_Listed records_.
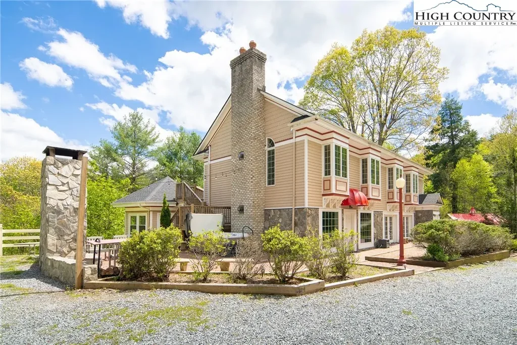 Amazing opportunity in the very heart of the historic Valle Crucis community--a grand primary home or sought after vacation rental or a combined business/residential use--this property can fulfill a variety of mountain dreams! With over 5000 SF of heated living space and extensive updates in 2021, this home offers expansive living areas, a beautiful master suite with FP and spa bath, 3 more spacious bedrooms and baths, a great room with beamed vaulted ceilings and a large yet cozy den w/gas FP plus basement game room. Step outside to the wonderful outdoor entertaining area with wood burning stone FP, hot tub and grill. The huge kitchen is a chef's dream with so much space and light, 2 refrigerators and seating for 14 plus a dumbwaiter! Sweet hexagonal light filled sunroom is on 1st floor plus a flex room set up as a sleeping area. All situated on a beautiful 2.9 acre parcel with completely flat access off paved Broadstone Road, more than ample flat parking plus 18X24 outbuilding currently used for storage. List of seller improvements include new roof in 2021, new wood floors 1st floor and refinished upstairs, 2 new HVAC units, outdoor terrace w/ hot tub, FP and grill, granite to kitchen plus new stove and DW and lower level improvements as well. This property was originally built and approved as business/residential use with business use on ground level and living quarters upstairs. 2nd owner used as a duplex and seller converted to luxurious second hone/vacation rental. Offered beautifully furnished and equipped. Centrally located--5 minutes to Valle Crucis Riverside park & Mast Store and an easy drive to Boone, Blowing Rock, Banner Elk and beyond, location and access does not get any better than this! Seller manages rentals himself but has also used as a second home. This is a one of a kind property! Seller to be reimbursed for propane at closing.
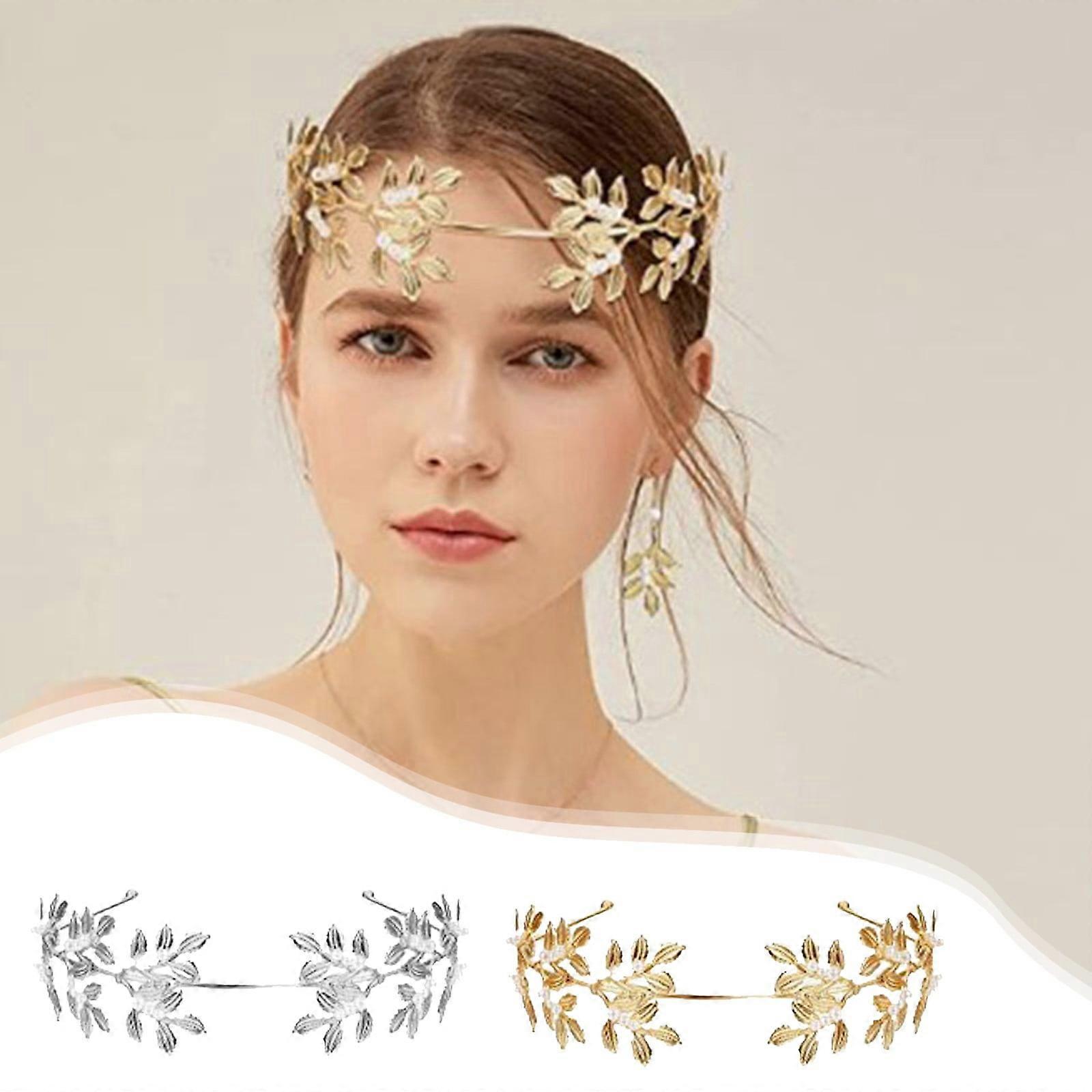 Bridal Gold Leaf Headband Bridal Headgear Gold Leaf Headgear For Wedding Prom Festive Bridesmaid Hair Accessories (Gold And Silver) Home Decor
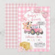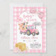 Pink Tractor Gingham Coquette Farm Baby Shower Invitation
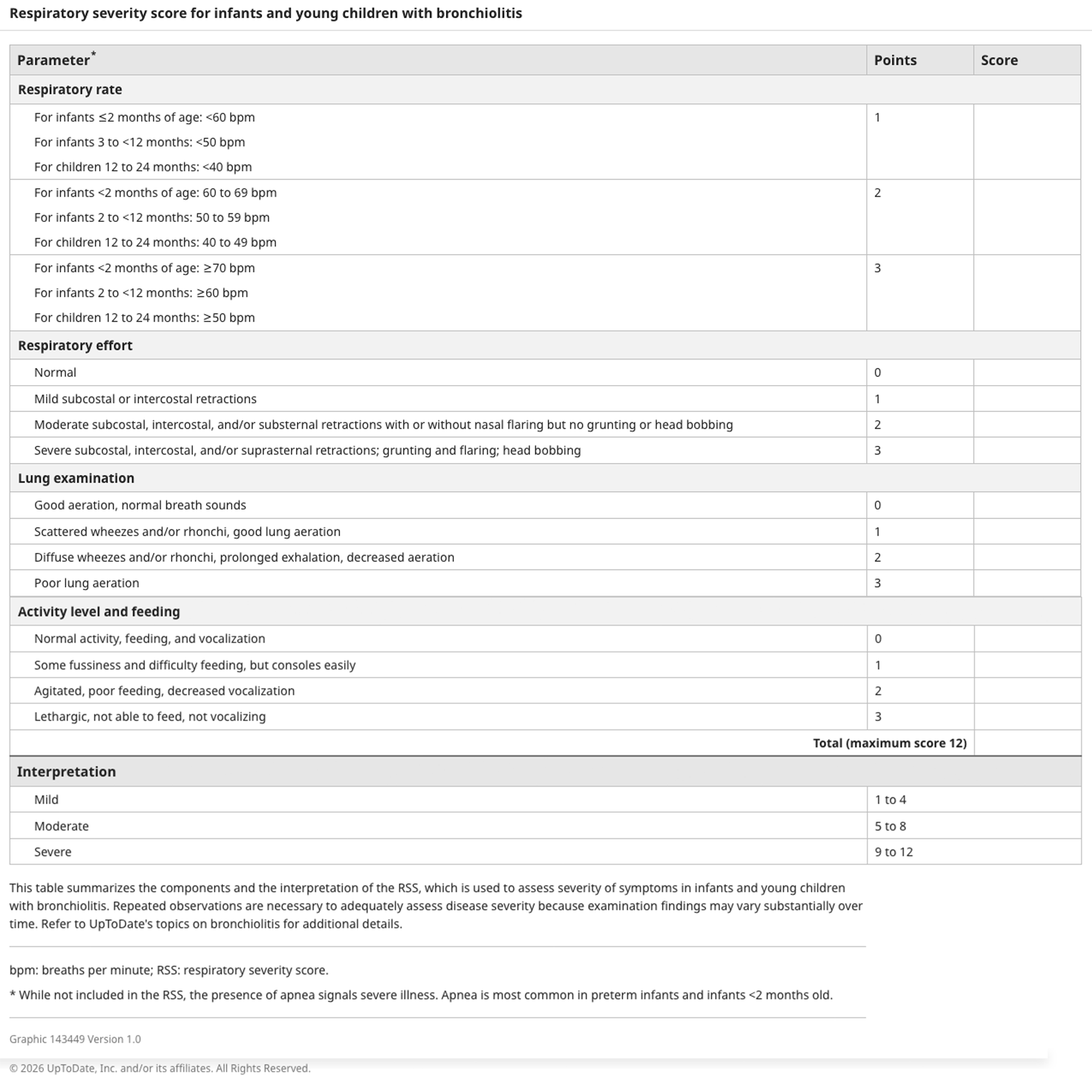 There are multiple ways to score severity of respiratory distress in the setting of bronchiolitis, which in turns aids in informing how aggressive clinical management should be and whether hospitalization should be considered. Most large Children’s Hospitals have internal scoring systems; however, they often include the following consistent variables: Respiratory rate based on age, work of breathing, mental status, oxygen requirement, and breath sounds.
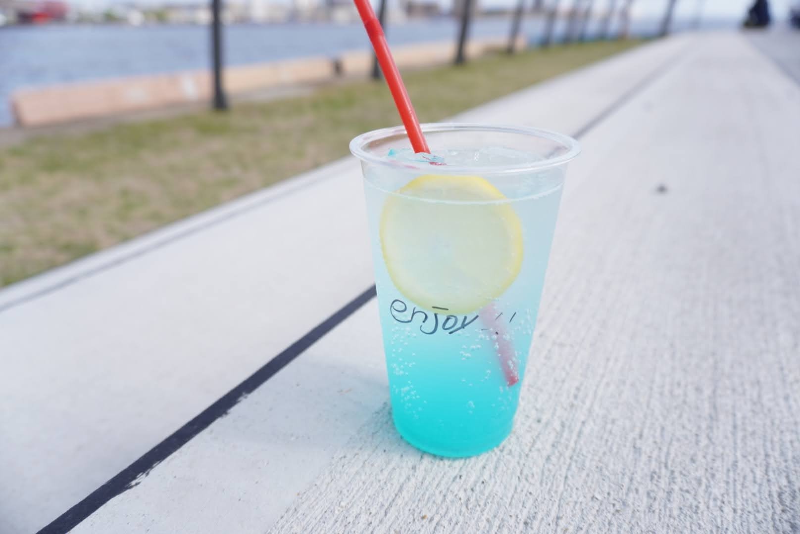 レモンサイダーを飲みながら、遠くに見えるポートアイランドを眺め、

--

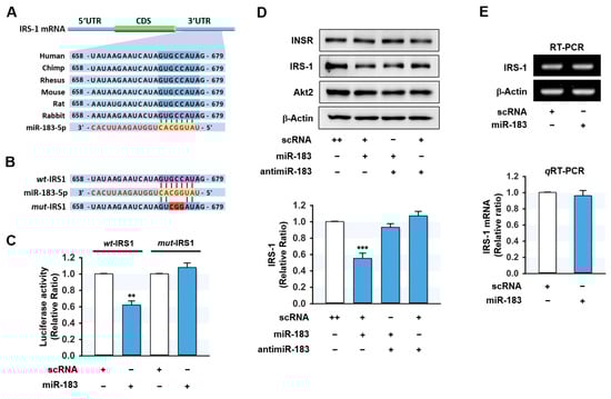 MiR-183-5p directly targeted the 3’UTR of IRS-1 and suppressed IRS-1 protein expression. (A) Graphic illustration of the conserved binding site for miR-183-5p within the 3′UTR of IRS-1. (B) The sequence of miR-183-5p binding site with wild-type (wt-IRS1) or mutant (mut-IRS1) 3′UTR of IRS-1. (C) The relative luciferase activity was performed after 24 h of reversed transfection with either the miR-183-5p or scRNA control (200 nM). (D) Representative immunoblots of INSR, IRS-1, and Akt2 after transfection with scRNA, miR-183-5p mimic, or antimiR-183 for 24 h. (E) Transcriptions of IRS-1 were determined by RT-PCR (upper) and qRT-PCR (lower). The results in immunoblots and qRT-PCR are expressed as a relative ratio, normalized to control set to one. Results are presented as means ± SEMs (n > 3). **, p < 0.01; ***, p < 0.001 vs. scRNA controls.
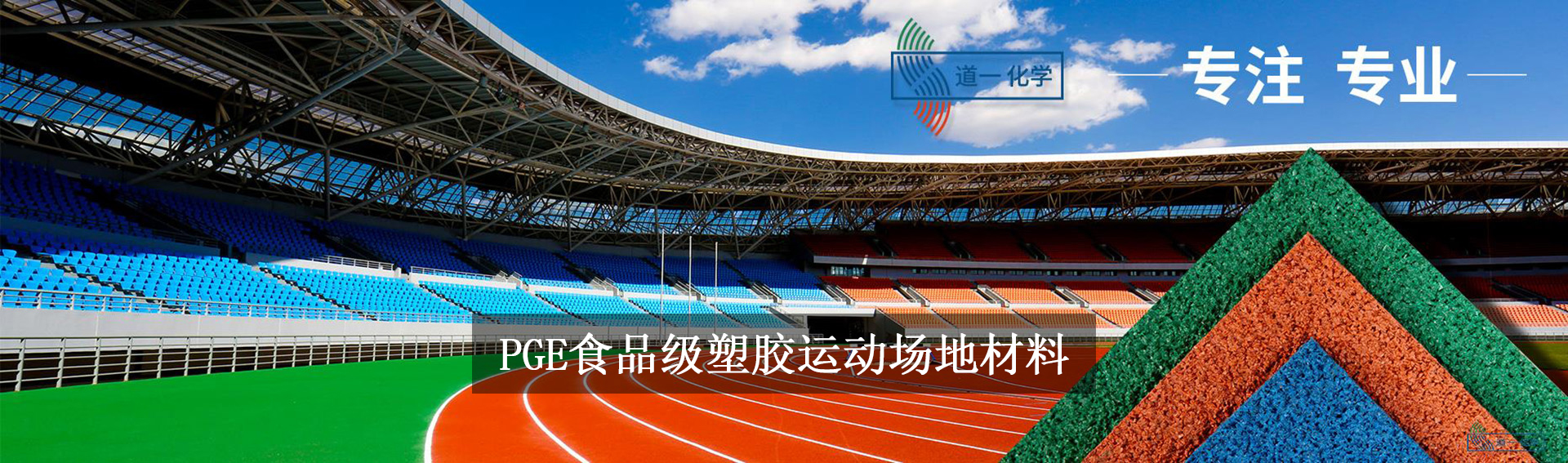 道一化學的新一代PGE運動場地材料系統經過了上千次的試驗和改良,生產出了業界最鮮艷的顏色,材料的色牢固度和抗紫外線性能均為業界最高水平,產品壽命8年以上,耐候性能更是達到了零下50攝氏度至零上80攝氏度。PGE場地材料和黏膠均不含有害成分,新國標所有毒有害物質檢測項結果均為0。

_Description of the task_.
What is needed is an exact copy of the lines above, from the one holding "Pink Tractor Gingham" down to the one holding "レモンサイダーを飲みながら、遠くに見えるポートアイランドを眺め、", with those two included and the pictures left out.

_Task answer_.
 Pink Tractor Gingham Coquette Farm Baby Shower Invitation
 There are multiple ways to score severity of respiratory distress in the setting of bronchiolitis, which in turns aids in informing how aggressive clinical management should be and whether hospitalization should be considered. Most large Children’s Hospitals have internal scoring systems; however, they often include the following consistent variables: Respiratory rate based on age, work of breathing, mental status, oxygen requirement, and breath sounds.
 レモンサイダーを飲みながら、遠くに見えるポートアイランドを眺め、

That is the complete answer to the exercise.